■ Requirement
An exact copy of the listing below is required, minus its pictures.

■ Dataset content

******

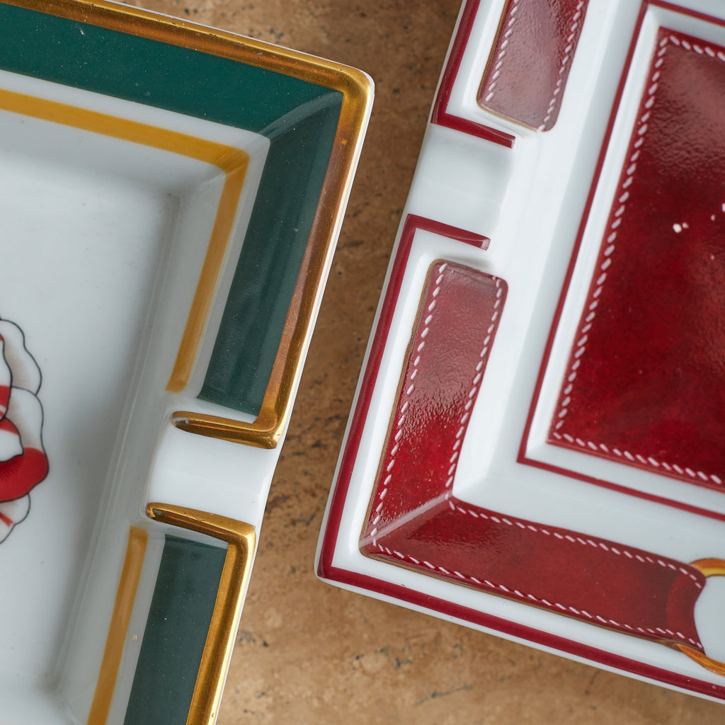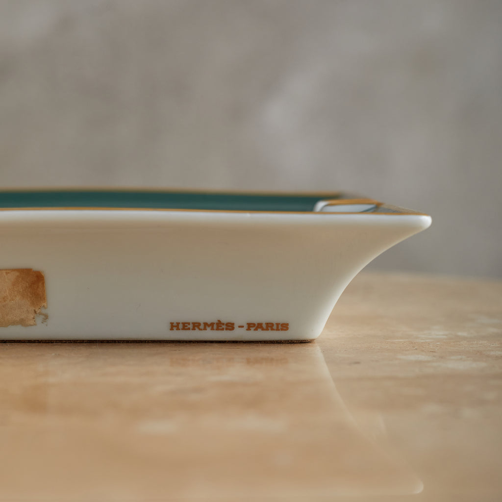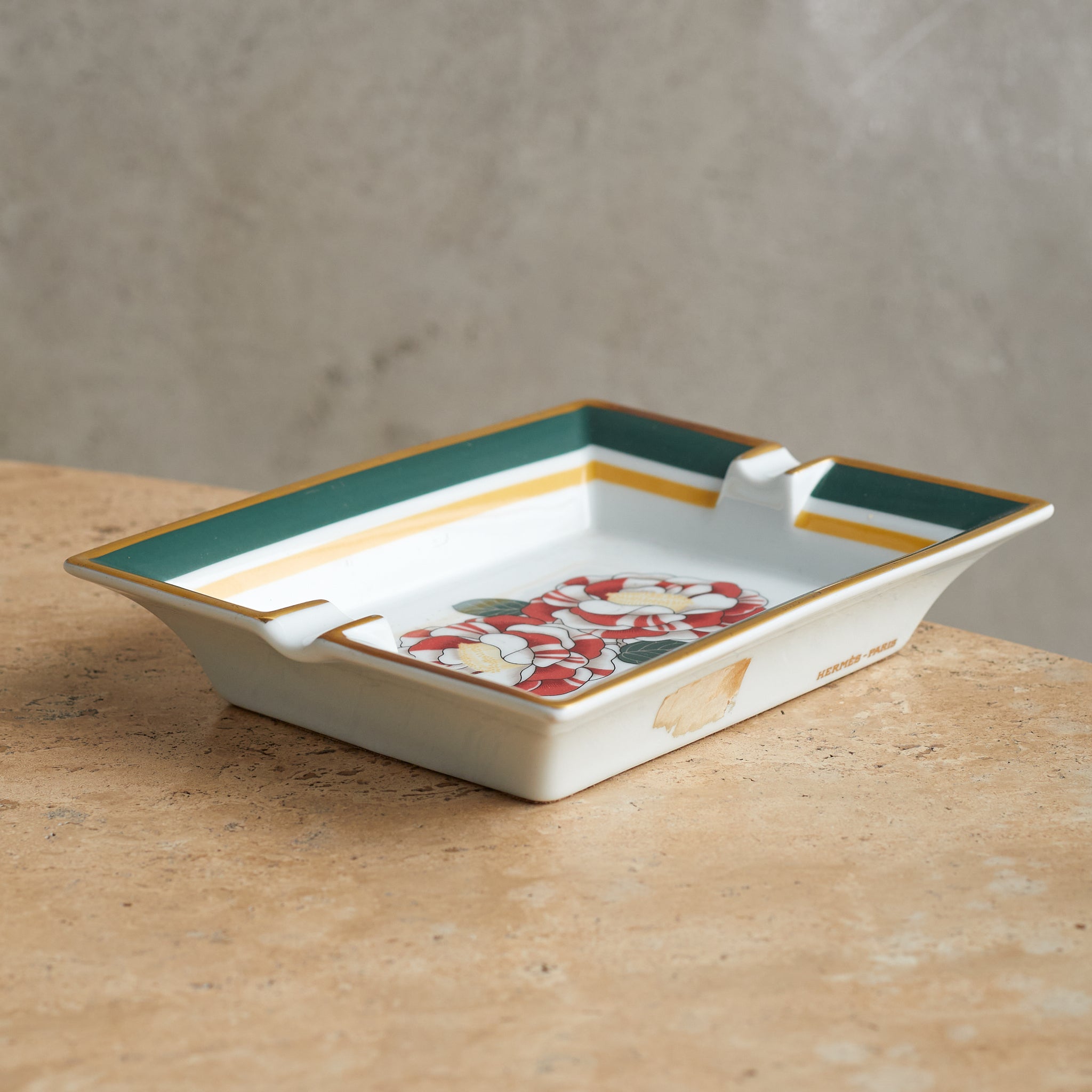 A Hermès porcelain tray featuring red and white camellia blooms, framed by green and mustard-yellow borders with gold trim. A refined blend of function and luxury, with the ‘Hermès - Paris’ mark near the base.
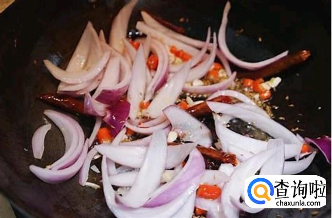 然后在锅中倒入适量的油,烧热后放入辣椒+姜蒜爆香,加入洋葱翻炒几下。
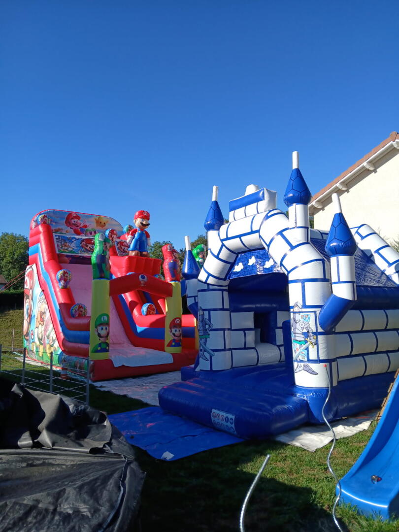 Le toboggan Mario : un toboggan gonflable fun et coloré, idéal pour la glisse et l’amusement des petits comme des grands

******

■ Exercise solution
 A Hermès porcelain tray featuring red and white camellia blooms, framed by green and mustard-yellow borders with gold trim. A refined blend of function and luxury, with the ‘Hermès - Paris’ mark near the base.
 然后在锅中倒入适量的油,烧热后放入辣椒+姜蒜爆香,加入洋葱翻炒几下。
 Le toboggan Mario : un toboggan gonflable fun et coloré, idéal pour la glisse et l’amusement des petits comme des grands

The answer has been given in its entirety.